Trouble Every Day (2001, Claire Denis) is a film about the desire to transgress. The vampire's desire to penetrate the skin is a grisly but fitting metaphor for Denis' camera, marked by its sensuality, its tactile desire to break through the image and actually touch its contents. There's an overwhelming primal urgency, a visceral carnality, trembling underneath the surface for most of the film, but twice unleashed in all its terrifying glory. Beatrice Dalle, wide-eyed, mouth contorted, speaking in grunts and moans, oozing this savage animal magnetism that she cannot contain, gives an incredible physical performance, among the most erotic and grotesque creations ever to appear on screen. Biting and clawing her way through the skin, she is like an expression of pure, no holds barred jouissance, contrasting with Vincent Gallo's relatively tame vampire, able to compartmentalize his own irrationality. This film is deeply disturbing, not only for what it shows, but because its tender, violent close-ups arouse our own desire for transgression and repel us at the same time.
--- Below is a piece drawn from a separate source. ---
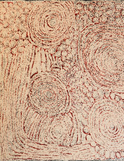 Elle mixe habillement les motifs traditionnels et ceux symbolisant les régions où se déroulèrent les exploits de cette Ancêtre du Temps du Rêve : on y distingue ici un point d’eau permanent, ici une grotte, ici un site argileux.

How to Succeed in Business Without Really Trying (1967, David Swift) is an amusing musical-comedy with a deliciously 1960s look and feel and an exaggerated "critique" of the corporate environment. It's also spectacularly, gleefully sexist, so much so that it's hard not to ogle at its sheer audacity in portraying women in the office as ripe for the picking. It's a satire, sure, but it's a very light satire that really celebrates its subject, marvels at it more than criticizes it. Officially, as the cringe-inducing song goes, a secretary is not a toy, but the show's lack of bitterness, the softness of its critique, and its blindness to the systematic plights of women suggests otherwise and that makes it difficult to appreciate this as the entertainment it wants to be without suffering a guilty conscience.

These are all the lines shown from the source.